- Work order: Each entry should be printed exactly, with its images omitted.

- Extracted data entries:

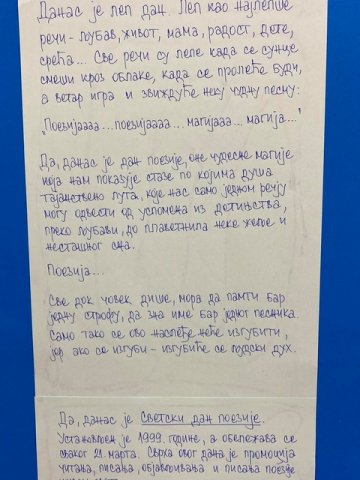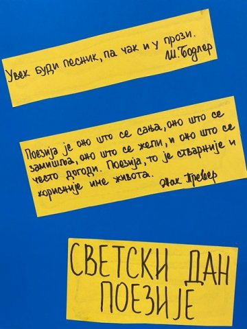 Средња школа „Драгачево“ обележила је Светски дан поезије, који се прославља се 21. марта. Установљен је од стране УНЕСКО-a са циљем промовисања и подстицања читања, писања и објављивања поезије широм света.
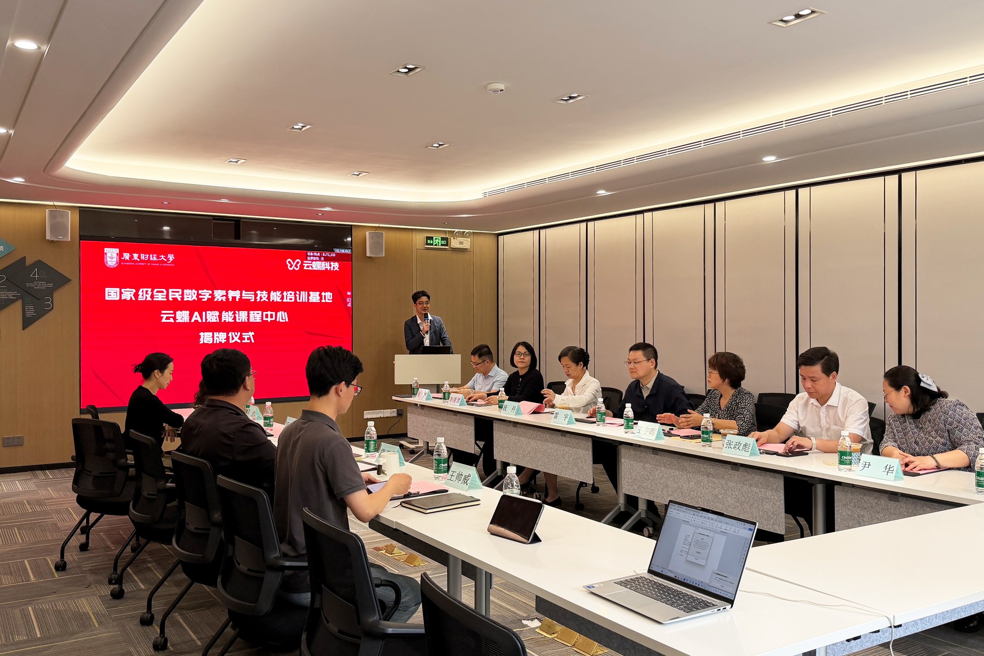 3月19日,由广东财经大学与云蝶科技校企合作共建的“国家级全民数字素养与技能培训基地云蝶AI赋能课程中心”揭牌仪式在云蝶科技总部举行。广东财经大学副校长雷宇、校友工作与社会合作办公室主任段丹、全民数字教育学院院长王宇晖、继续教育学院党总支书记张政彪,云蝶科技常务副总裁刘丽丽、副总裁罗崇键等双方领导出席活动,共同见证这一深化产教融合的重要时刻。
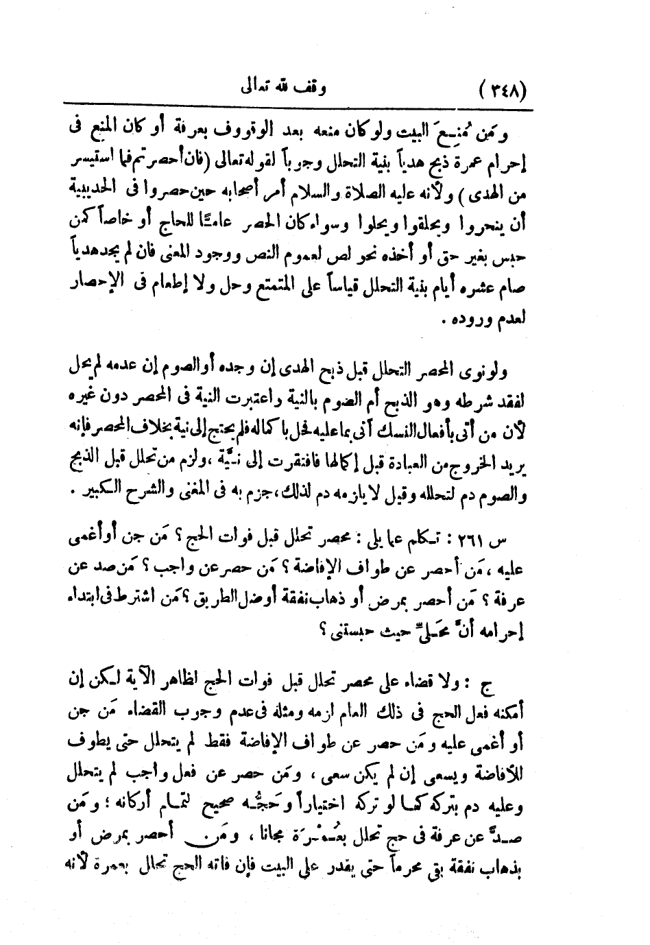 س263: تكلم عما يلي: محصر تحلل قبل فوات الحج؟ مَن جن أو أغمي عليه، مَن أحصر عن طواف الإفاضة؟ مَن حصر عن واجب؟ مَن صد عن عرفة؟ مَن أحصر بمرض أو ذهاب نفقة أو ضل الطريق؟ مَن اشترط في ابتداء إحرامه أنَّ محَليِّ حيث حبستني؟
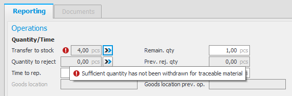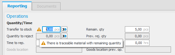 When you report an operation which has traceable material, the traceable material will in normal cases not be deducted automatically from the balance of the location. However, this can be activated via the Allow automatic withdrawal setting in the Part register. If the traceable material is not already reported, a warning will be shown when you report parts of the planned quantity on the operation. The warning is a reminder that the traceable material should be reported as soon as possible.
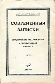 Sovremennye zapiski (Russian: Современные записки, "Contemporary Papers") was a politicized literary journal published from 1920 to 1940.[1][2] A group of adherents of the Russian Socialist-Revolutionary Party launched the journal during the Russian Civil War.
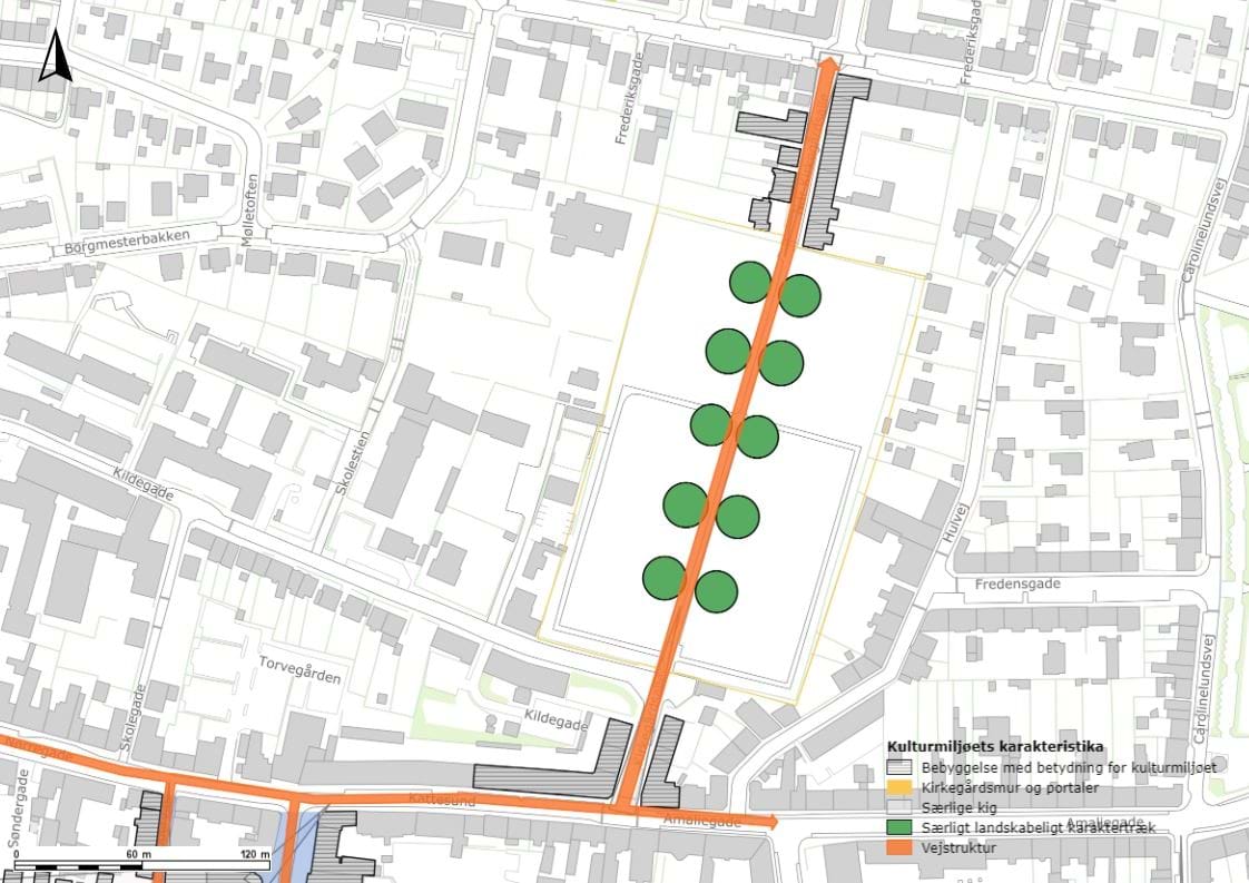 Bebyggelse omkring Kirkegårdsallé og Nrd. Kirkegårdsallé understøtter kirkegårdens kobling til den urbane kontekst og oplevelsen i mødet mellem byens tætte gader og kirkegårdens åbne landskabsrum. Bygningerne er sårbare overfor ændringer i arkitektur, struktur og skala.

- Answer for the task:
 Средња школа „Драгачево“ обележила је Светски дан поезије, који се прославља се 21. марта. Установљен је од стране УНЕСКО-a са циљем промовисања и подстицања читања, писања и објављивања поезије широм света.
 3月19日,由广东财经大学与云蝶科技校企合作共建的“国家级全民数字素养与技能培训基地云蝶AI赋能课程中心”揭牌仪式在云蝶科技总部举行。广东财经大学副校长雷宇、校友工作与社会合作办公室主任段丹、全民数字教育学院院长王宇晖、继续教育学院党总支书记张政彪,云蝶科技常务副总裁刘丽丽、副总裁罗崇键等双方领导出席活动,共同见证这一深化产教融合的重要时刻。
 س263: تكلم عما يلي: محصر تحلل قبل فوات الحج؟ مَن جن أو أغمي عليه، مَن أحصر عن طواف الإفاضة؟ مَن حصر عن واجب؟ مَن صد عن عرفة؟ مَن أحصر بمرض أو ذهاب نفقة أو ضل الطريق؟ مَن اشترط في ابتداء إحرامه أنَّ محَليِّ حيث حبستني؟
 When you report an operation which has traceable material, the traceable material will in normal cases not be deducted automatically from the balance of the location. However, this can be activated via the Allow automatic withdrawal setting in the Part register. If the traceable material is not already reported, a warning will be shown when you report parts of the planned quantity on the operation. The warning is a reminder that the traceable material should be reported as soon as possible.
 Sovremennye zapiski (Russian: Современные записки, "Contemporary Papers") was a politicized literary journal published from 1920 to 1940.[1][2] A group of adherents of the Russian Socialist-Revolutionary Party launched the journal during the Russian Civil War.
 Bebyggelse omkring Kirkegårdsallé og Nrd. Kirkegårdsallé understøtter kirkegårdens kobling til den urbane kontekst og oplevelsen i mødet mellem byens tætte gader og kirkegårdens åbne landskabsrum. Bygningerne er sårbare overfor ændringer i arkitektur, struktur og skala.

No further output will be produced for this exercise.